American ski area near Red Wing, Minnesota

Welch Village is an American ski area near Red Wing, Minnesota. It was built by Leigh and Clem Nelson in 1965. It has a vertical elevation of approximately 360 ft. It is located near the Cannon River Valley. The area offers both skiing and snowboarding and has beginner, intermediate and expert slopes.

==History==

In 1962, brothers Clem and Leigh Nelson purchased 240 acres of wooded hillside facing the Cannon River. After several years of preparation, Welch Village Ski Area opened in 1965, with a 3,500 square-foot chalet.

In 1971, Welch added an 80-unit dormitory and a 120-acre land expansion.

Since 1975, Welch has hosted the Welch Village Invitational, the largest high school alpine ski race event in the United States.

Leigh from his job as an engineer at 3M and bought out his brother Clem and became the sole owner in 1993.

In 2008, Welch opened a new "back bowl" with 15 new runs across 80 acres, serviced by a 1,300-foot quad lift. The bowl consists of only black-steepness runs, some with over 300 feet of vertical drop.

Welch Village has a large chalet with two cafeteria-style restaurants.
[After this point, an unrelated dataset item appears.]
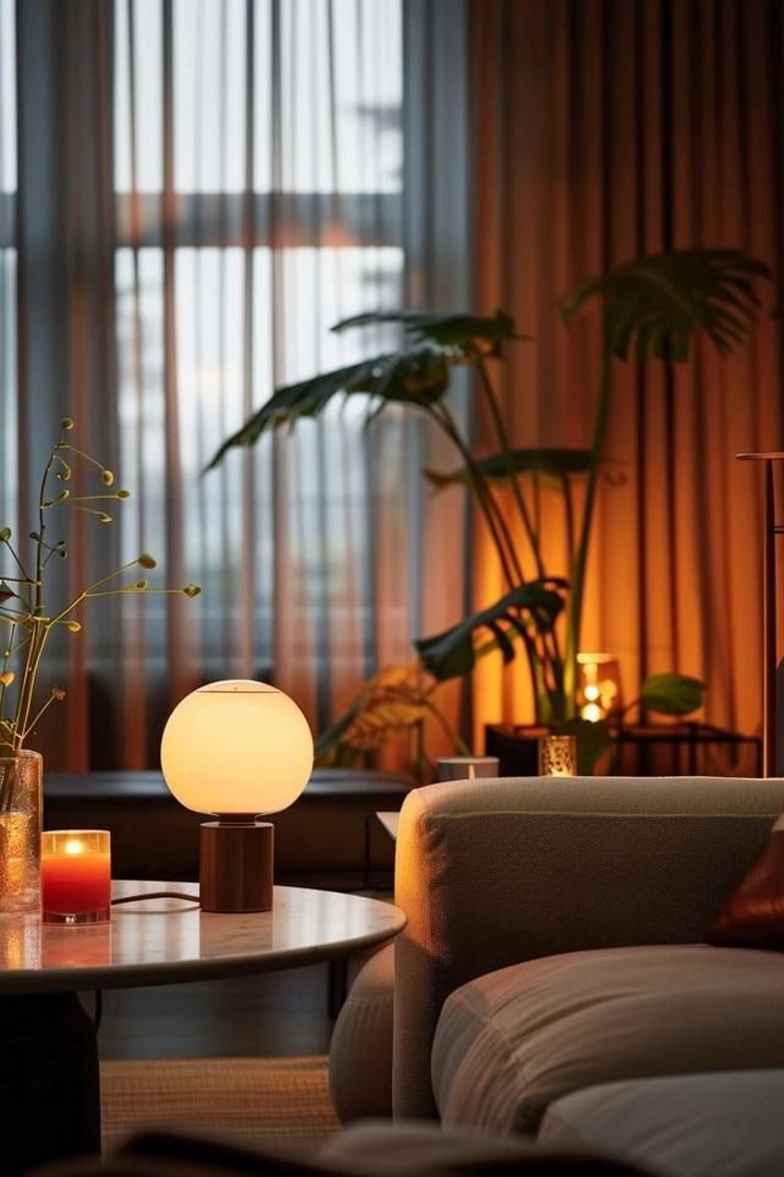 Group table lamps of varying heights and styles on side tables and consoles to create pools of warm light throughout the room.

Madd Jaxx bar serves alcohol near the triple lift on the east side of the resort.

There are eight chairlifts and four surface lifts at Welch Village: a Riblet Triple chairlift (1979), three Doppelmayr Quad chairlifts (2008/2010/2021), three Riblet Quad chairlifts (1989/1990/1999), a SkyTrac Quad chairlift (2025), two Magic Carpet surface lifts, a fixed rope tow, and a portable rope tow.

Leigh Nelson died in 2023 at the age of 94. As of 2023, Welch is operated by his grandson, Peter Zotalis.